The old man was off to Yarmouth long before his guests were astir, for a
fever of haste was upon him. He returned in the evening, and until
Saturday he was employed with his beautiful secretary in making the most
lordly preparations for the great meeting--the first of the series which
was to revolutionize rich people's conceptions of duty and necessity.

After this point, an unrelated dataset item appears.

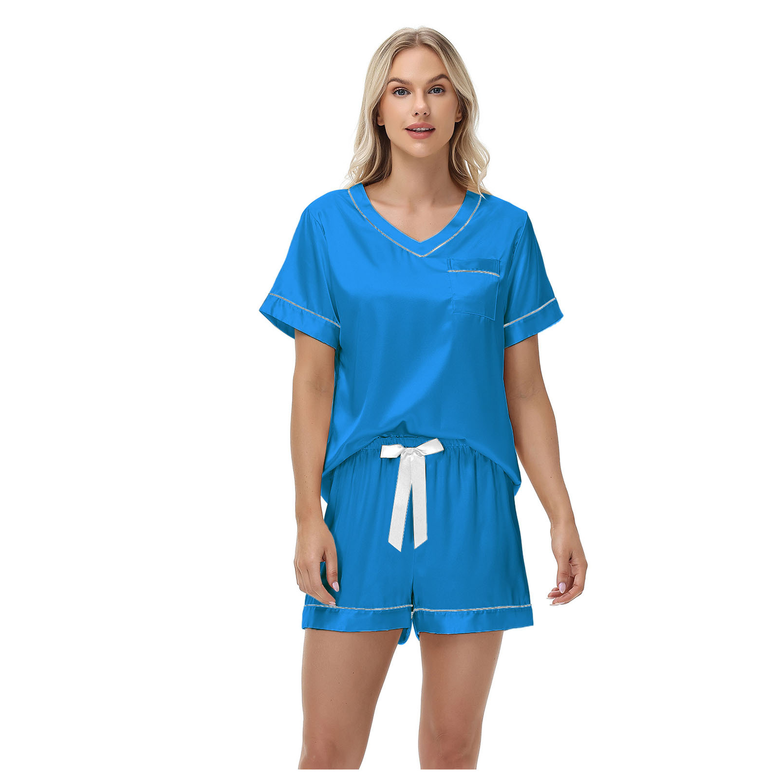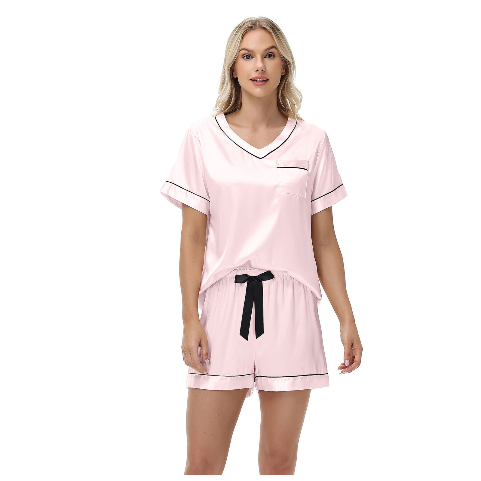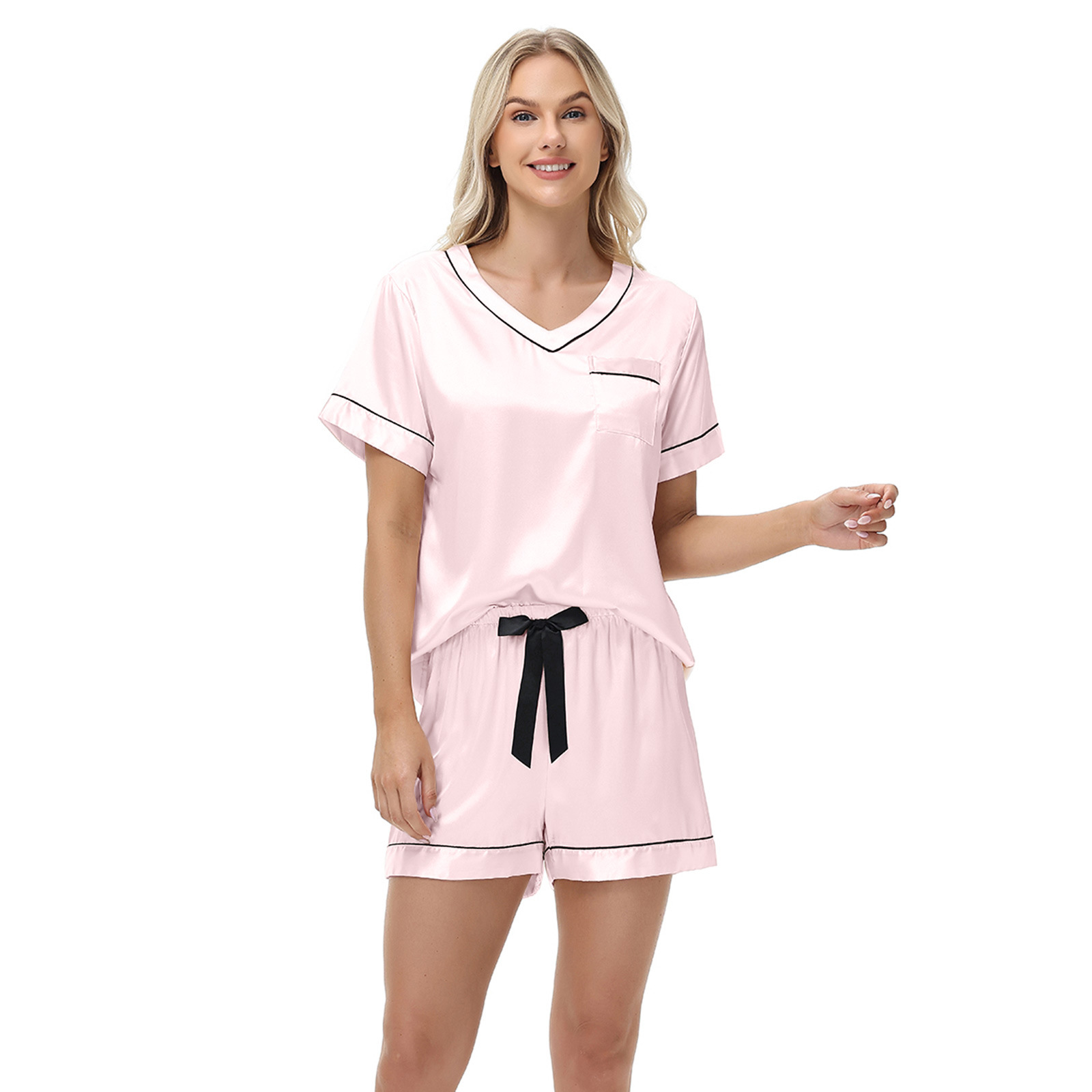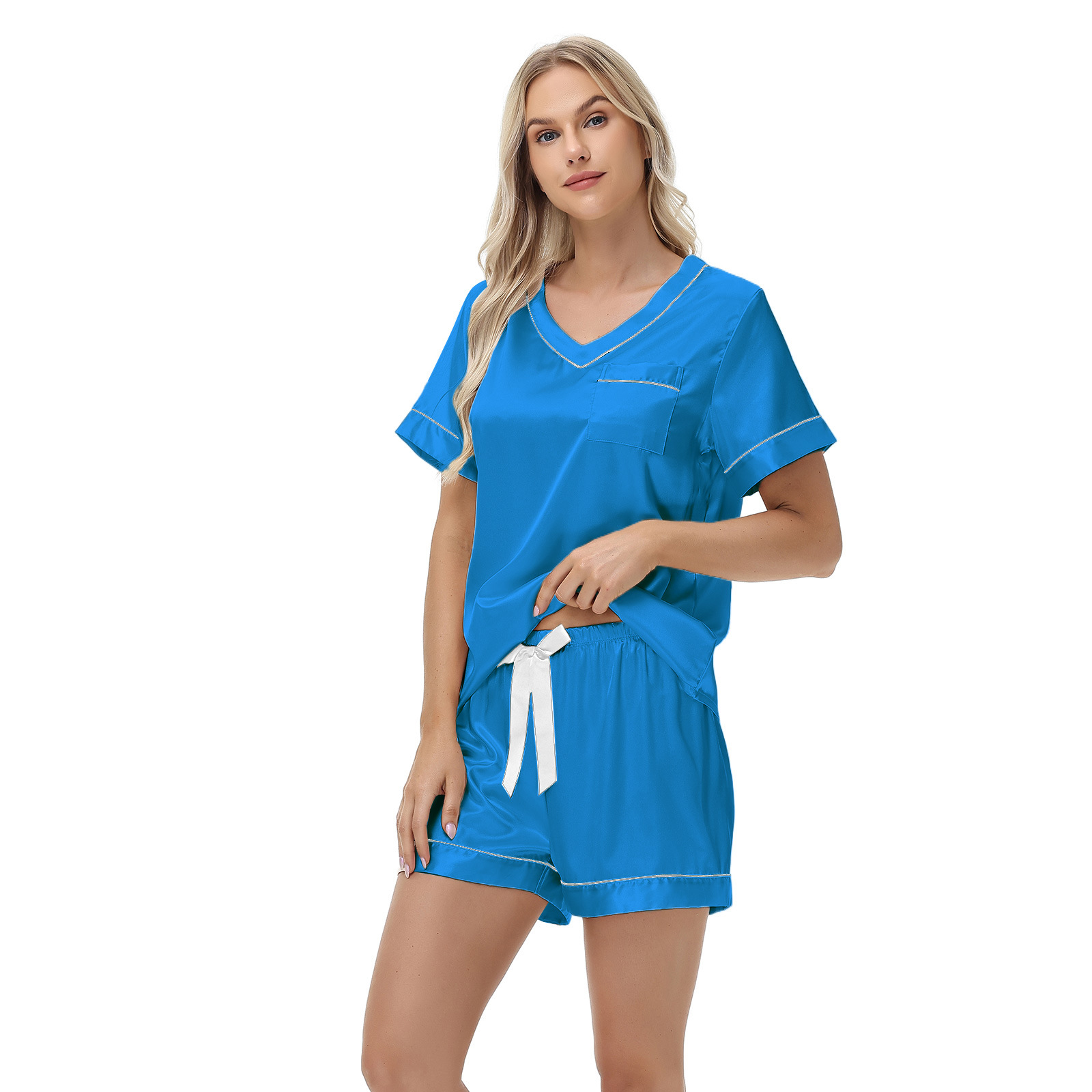 2025 국경을 넘는 아마존 대외 무역 반팔 반바지 여름 섹시한 잠옷 V넥 아이스 실크 세트 여성용 홈 의류스토어 가기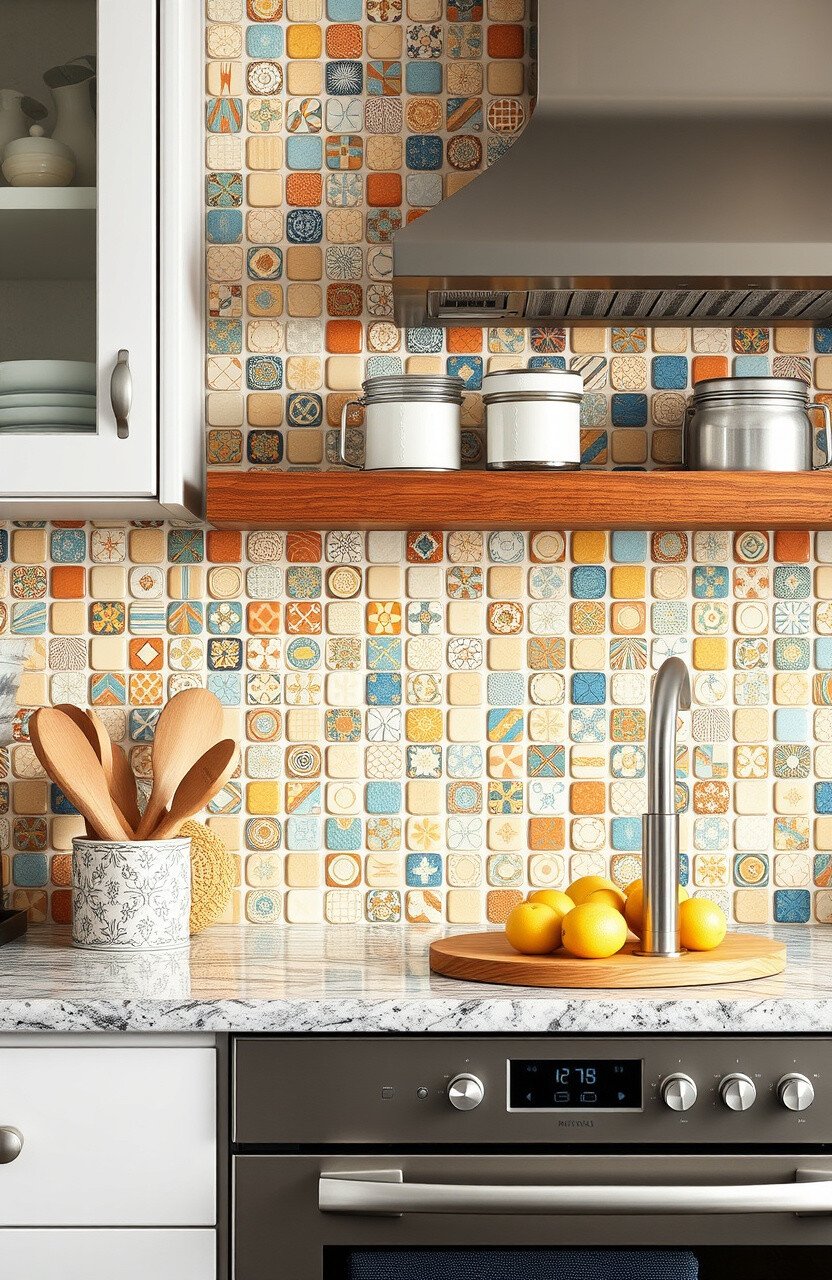 Ceramic mosaic tiles bring a colorful, artistic touch to your kitchen. Their varied patterns create interest.

A very brilliant company assembled; the old man was an artist in his
way, and he had spread his lures with consummate tact. How on earth he
got hold of eminent pressmen, I cannot tell; but then, eminent pressmen,
like the rest of our world, are distinctly susceptible to the
blandishments of amiable millionaires. Sir John Rooby, the ex-Lord
Mayor, appeared in apoplectic importance; Lady Glendower, who had
expended a fortune on the conversion of the Siamese, also waited with
acute curiosity; every name on every card there was known more or less
to Secretaries, to Missionary Societies, to begging-letter writers--to
all the people who run on the track of wealth. The great saloon, which
reached from the front, right across the mansion to the windows that
overlooked the park, was filled fairly; and Ferrier was not a little
perturbed by the sight of his audience.
Mr. Cassall soon ended all suspense by coming to the point in his quick
fashion. (He would not have succeeded as a parliamenteer, for he had a
most uncultivated habit of never using forty words where five would
serve.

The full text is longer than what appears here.